AIM OF THE TASK: Work through the listing below and give again exactly the lines from the one with "MC4-Y-Adapter um 2" to the one with "Aqua Blue Yellow", both ends included. All other lines and all pictures stay out.
____________________
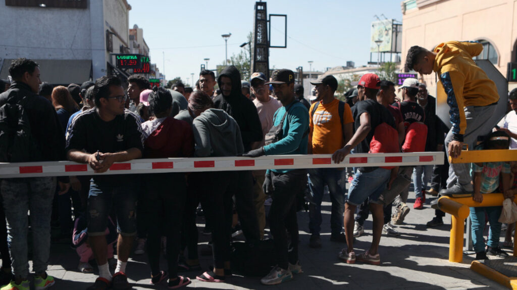 Migrantes latinoamericanos esperan afuera de un paso en México, ante el rumor de que Estados Unidos abrirá la frontera, el 10 de abril de 2023.
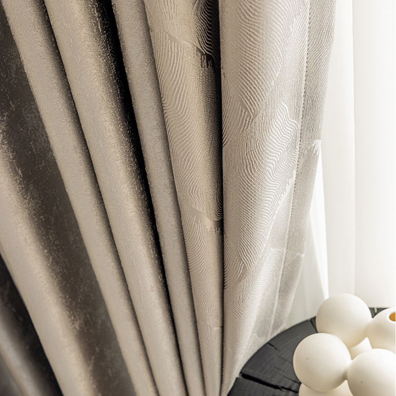 高精密肌理纹孔雀绿云母灰现代轻奢遮光窗帘布成品别墅大宅窗帘
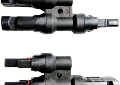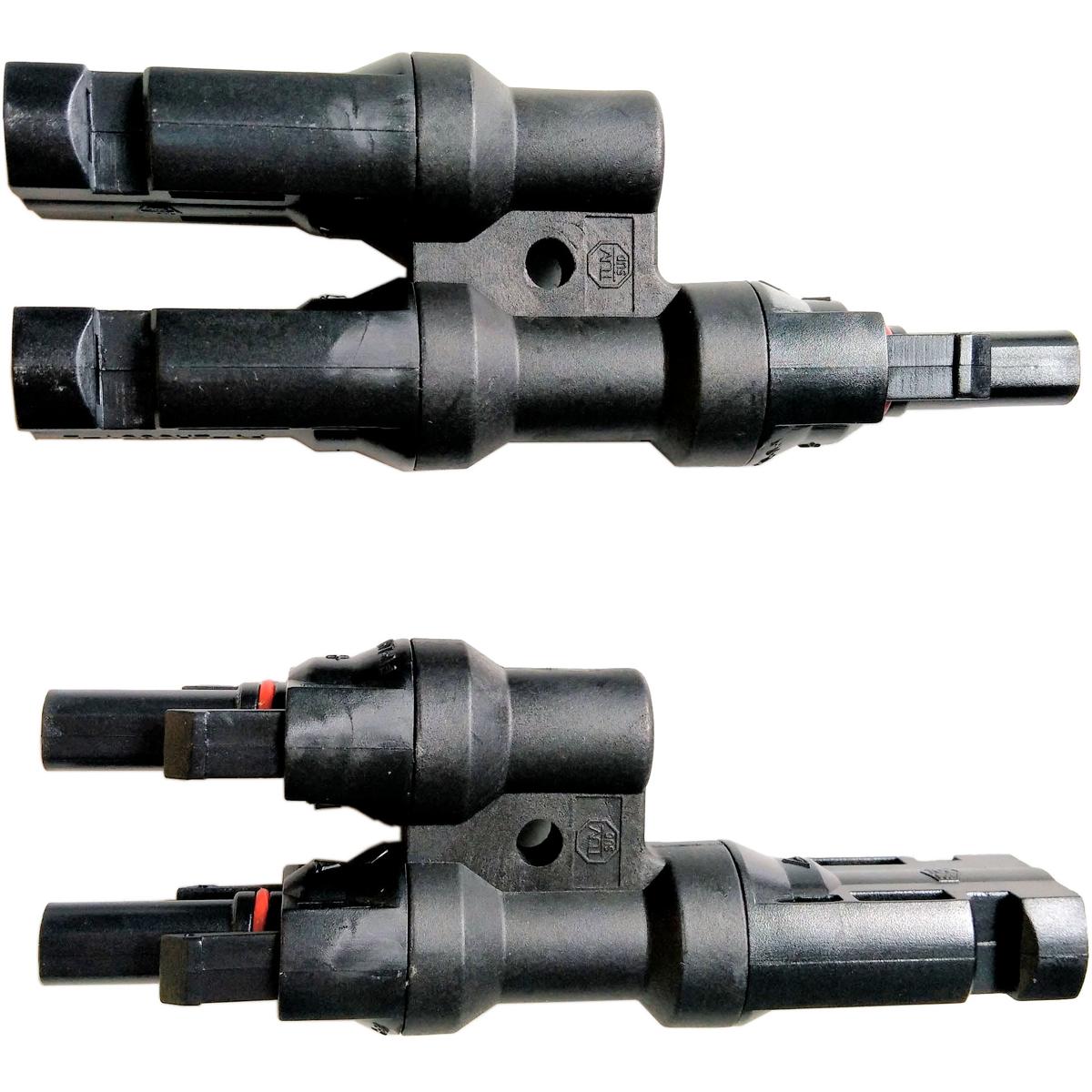 MC4-Y-Adapter um 2 Module oder Modulstränge parallel zu schalten. Achtung: MC4 ist bis max. 30A spezifiziert, d.h. der Summenstrom bei Parallelschaltung darf diesen Wert nicht überschreiten. Dazu die Summe der Ströme im Maximum Power Point bilden – manchmal steht auch Nomianalstrom im Datenblatt. Oben drauf bitte noch mind. 10% Puffer rechnen, damit der Winter (Mehrleistung durch Temperaturen unter den Testbedingungen, bei denen die Leistung der Module angegeben wird.) MC4 Splitter um 2 Panele…
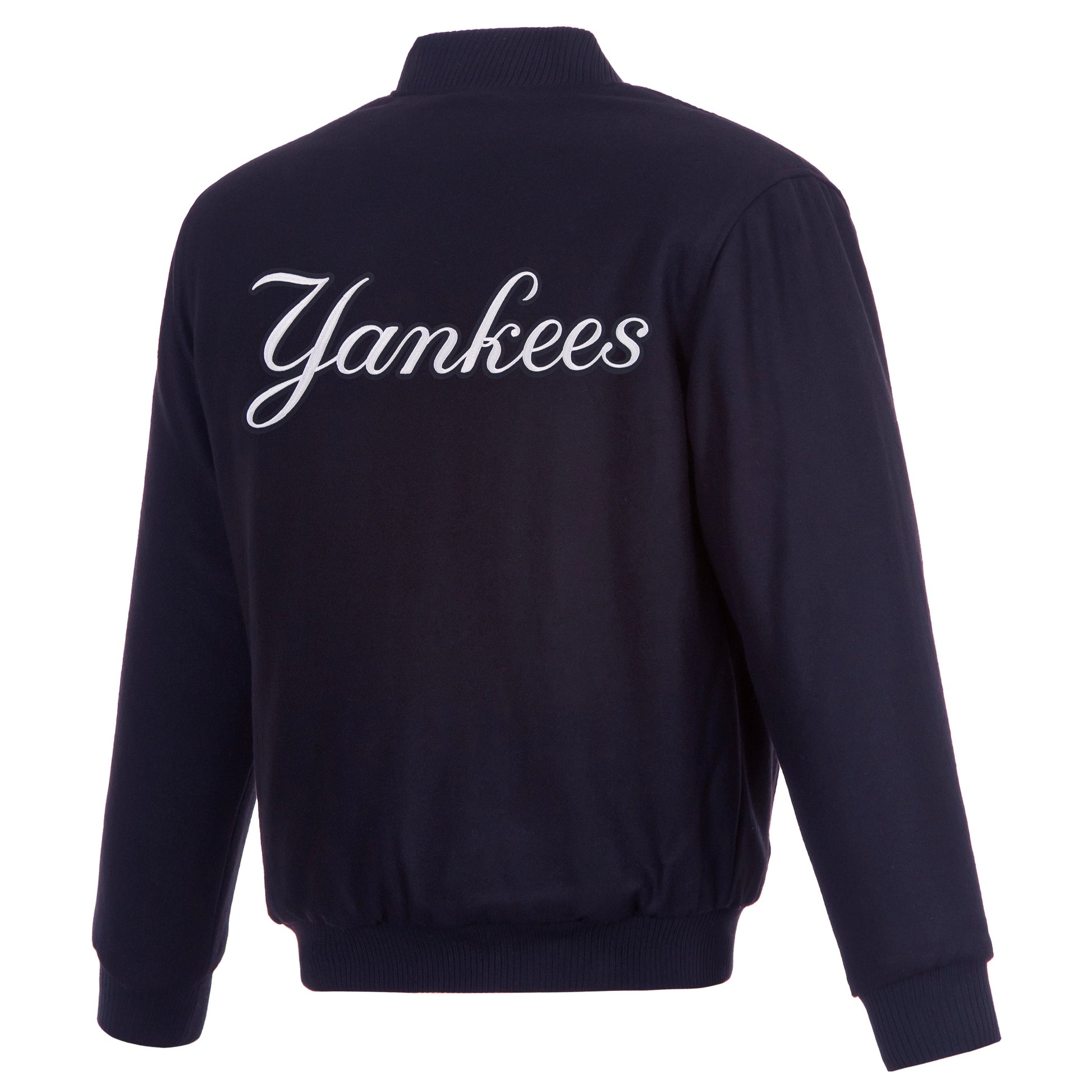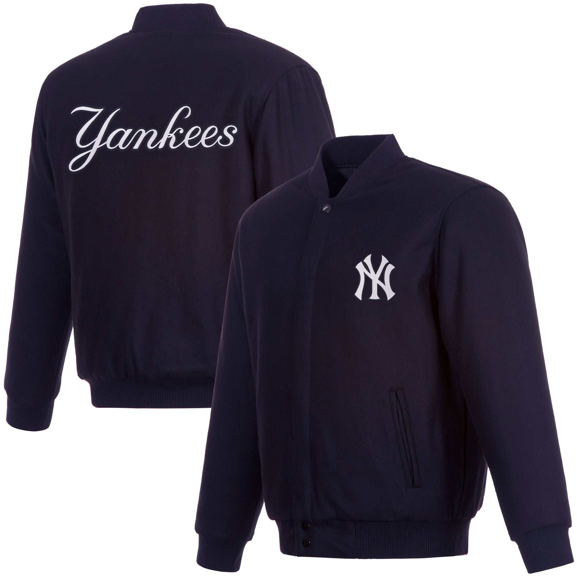 New York Yankees All Wool Jacket with nylon lining in navy with embroidered logos. Assembled in the USA. 55% wool 45% polyester body. Snap button closure.
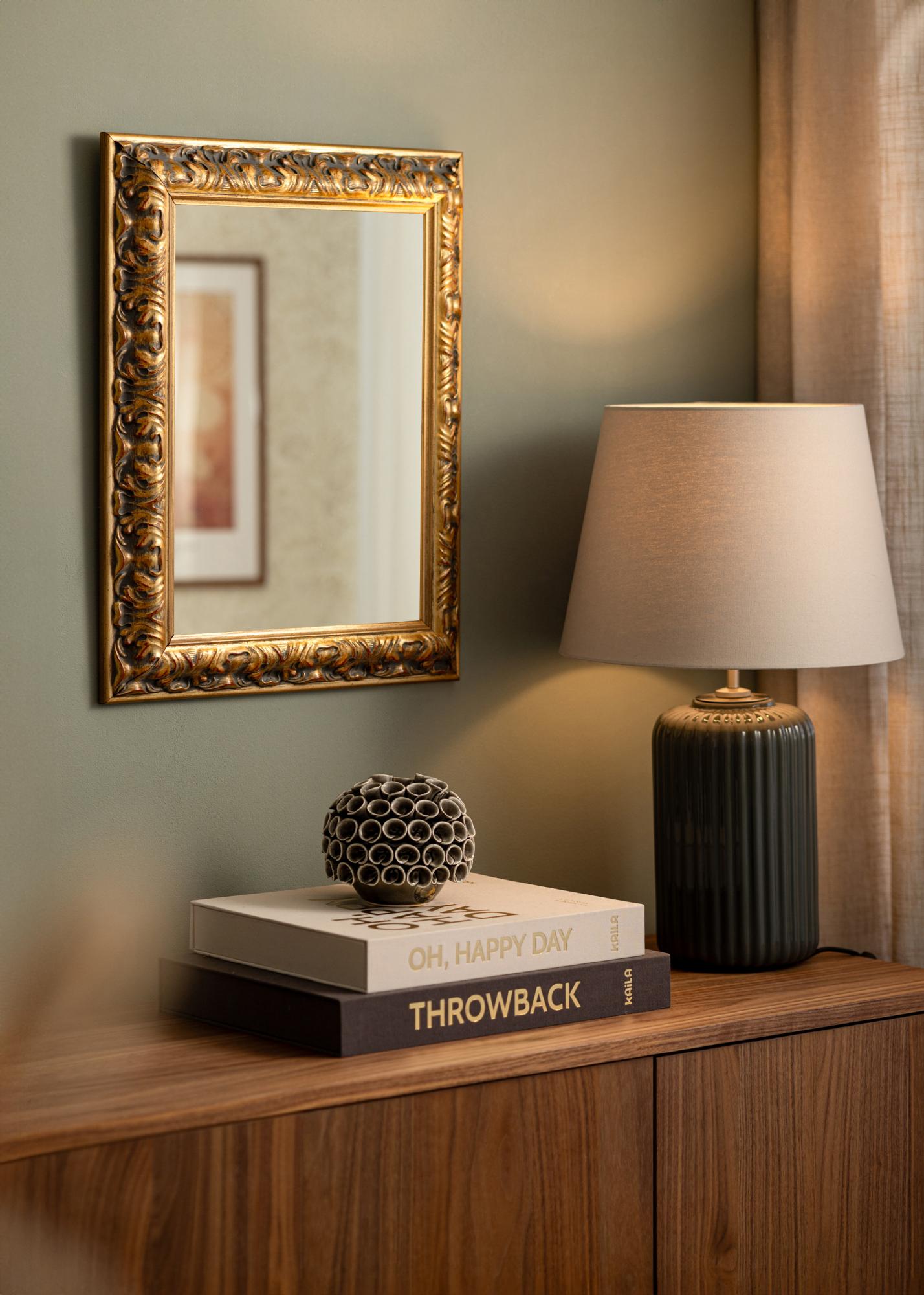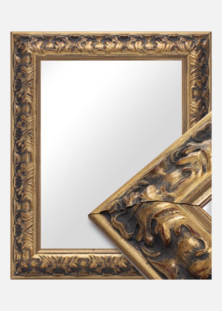 Zrkadlo Odin Zlatá/Červená je elegantné a štýlové zrkadlo, ktoré sa vyrába podľa vašich vlastných rozmerov. So svojím ozdobeným zlatým rámom a antickou patinou sa stane nápadným prvkom v akejkoľvek miestnosti. Rám, ktorý je 64 mm široký a má hĺbku 38,5 mm, je vyrobený z borovice a je zdobený detailmi v barokovom štýle. Reliéfne vzorované rezby dodávajú zrkadlu unikátny charakter a zdôrazňujú ho jemným kontrastom medzi zlatom a tmavými odtieňmi.
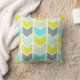 Aqua Blue Yellow Grey Geometric Chevron Pattern Cushion
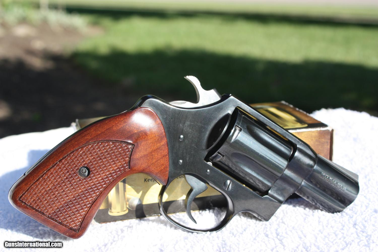 Description: Colt Detective Special chambered in .38 special. Original blue finish in excellent condition. Original factory wood grips near perfect condition. Screw heads are sharp. Crane and crane cut serial numbers match are match the box. Excellent Third Issue Detective Special. No Calif sales or where illegal. 50 Ship Fee SOLD |
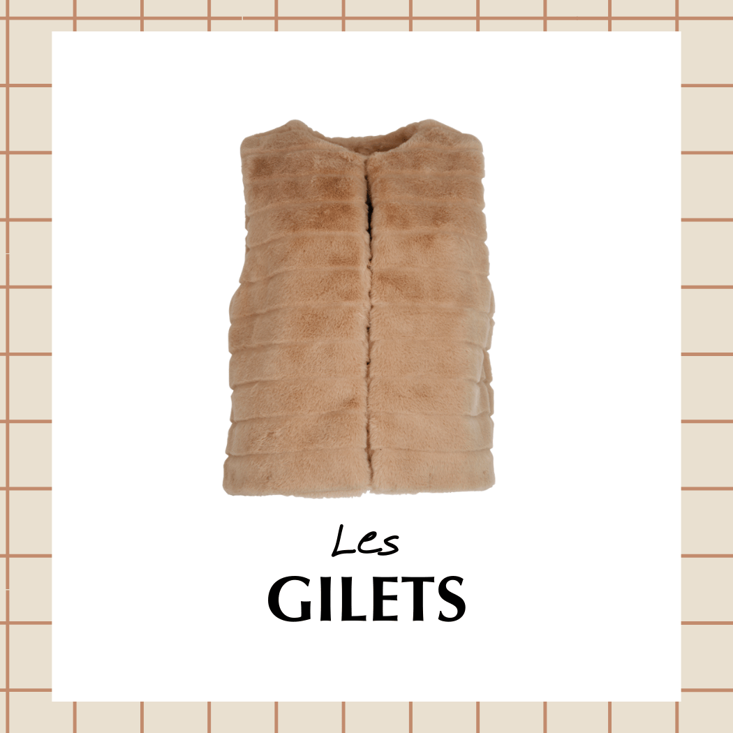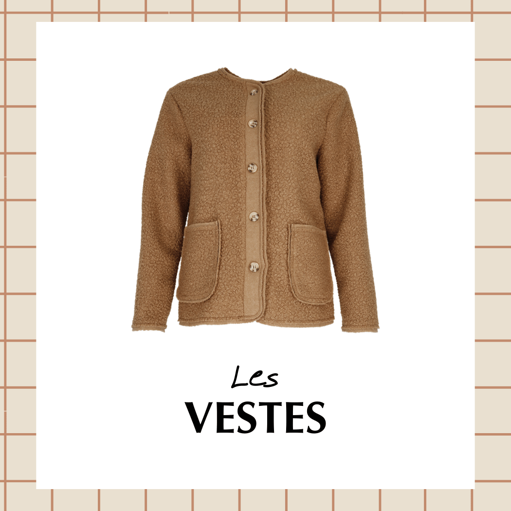 - Vestes & manteaux : blazers, vestes en jean, sans manches, en bouclette.
____________________
RESPONSE BELOW:
 MC4-Y-Adapter um 2 Module oder Modulstränge parallel zu schalten. Achtung: MC4 ist bis max. 30A spezifiziert, d.h. der Summenstrom bei Parallelschaltung darf diesen Wert nicht überschreiten. Dazu die Summe der Ströme im Maximum Power Point bilden – manchmal steht auch Nomianalstrom im Datenblatt. Oben drauf bitte noch mind. 10% Puffer rechnen, damit der Winter (Mehrleistung durch Temperaturen unter den Testbedingungen, bei denen die Leistung der Module angegeben wird.) MC4 Splitter um 2 Panele…
 New York Yankees All Wool Jacket with nylon lining in navy with embroidered logos. Assembled in the USA. 55% wool 45% polyester body. Snap button closure.
 Zrkadlo Odin Zlatá/Červená je elegantné a štýlové zrkadlo, ktoré sa vyrába podľa vašich vlastných rozmerov. So svojím ozdobeným zlatým rámom a antickou patinou sa stane nápadným prvkom v akejkoľvek miestnosti. Rám, ktorý je 64 mm široký a má hĺbku 38,5 mm, je vyrobený z borovice a je zdobený detailmi v barokovom štýle. Reliéfne vzorované rezby dodávajú zrkadlu unikátny charakter a zdôrazňujú ho jemným kontrastom medzi zlatom a tmavými odtieňmi.
 Aqua Blue Yellow Grey Geometric Chevron Pattern Cushion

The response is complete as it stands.